What you need to do: Write out the data again exactly, skipping every picture.

Supplied information:

::::

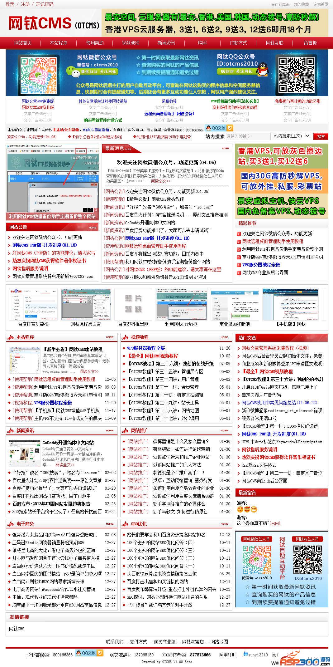 网钛CMS(OTCMS)PHP版以简单、实用、傻瓜式操作而闻名,无论在功能,人性化,还是易用性方面,都有了长足的发展,网钛CMS的主要目标用户锁定在中小型网站站长,让那些对网络不是很熟悉,对网站建设不是很懂又想做网站的人能很快搭建起一个功能实用又强大,操作人性又易用。
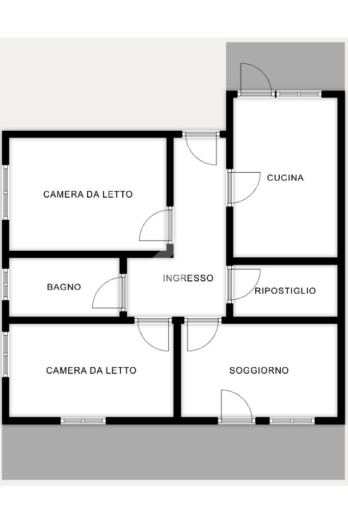 L'appartamento si sviluppa con ingresso nel corridoio che fa da disimpegno a tutti gli ambienti.
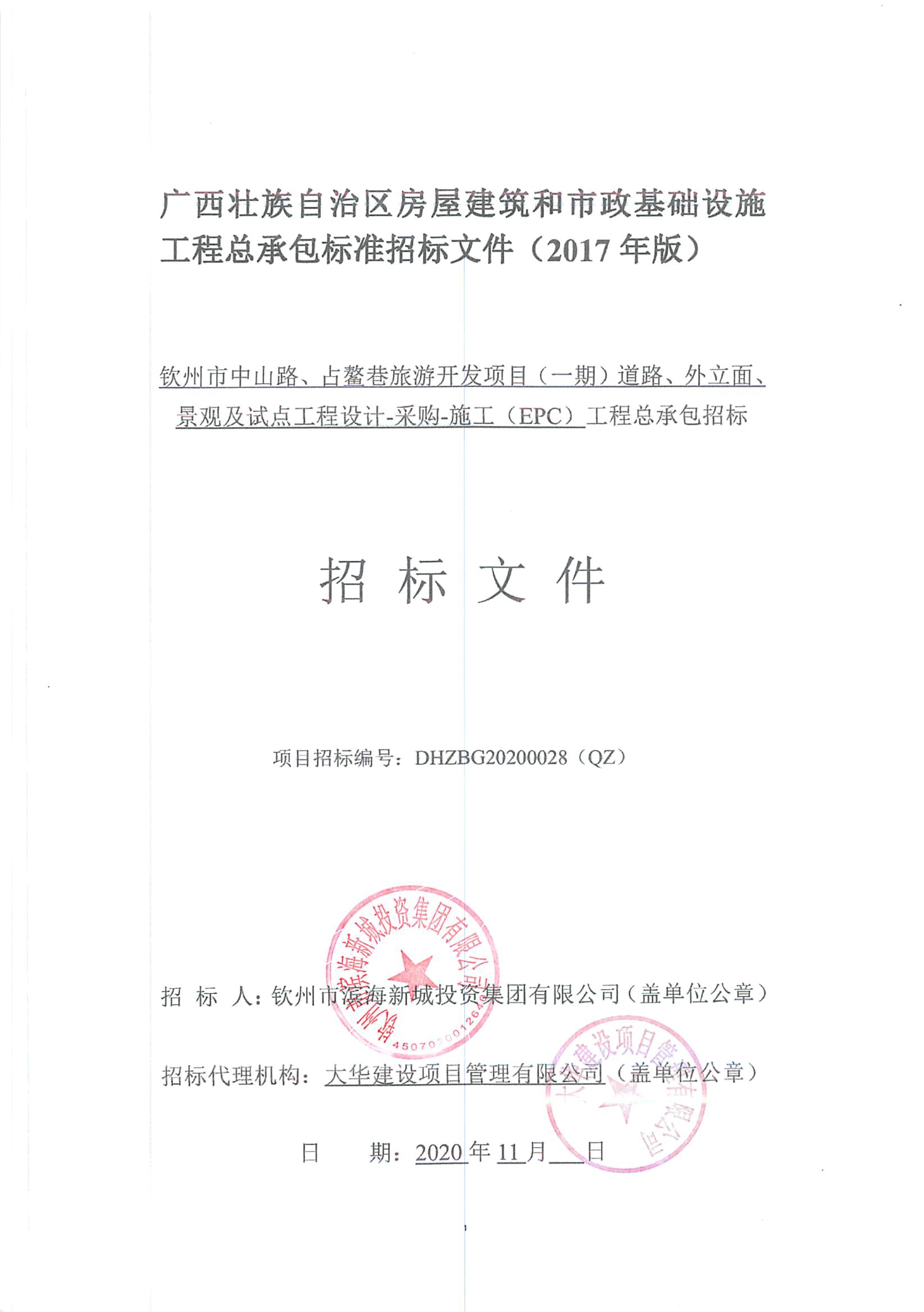 欽州市中山路、占鰲巷旅游開發(fā)項目(一期)道路、外立面、景觀及試點工程設(shè)...

::::

Response area:
 网钛CMS(OTCMS)PHP版以简单、实用、傻瓜式操作而闻名,无论在功能,人性化,还是易用性方面,都有了长足的发展,网钛CMS的主要目标用户锁定在中小型网站站长,让那些对网络不是很熟悉,对网站建设不是很懂又想做网站的人能很快搭建起一个功能实用又强大,操作人性又易用。
 L'appartamento si sviluppa con ingresso nel corridoio che fa da disimpegno a tutti gli ambienti.
 欽州市中山路、占鰲巷旅游開發(fā)項目(一期)道路、外立面、景觀及試點工程設(shè)...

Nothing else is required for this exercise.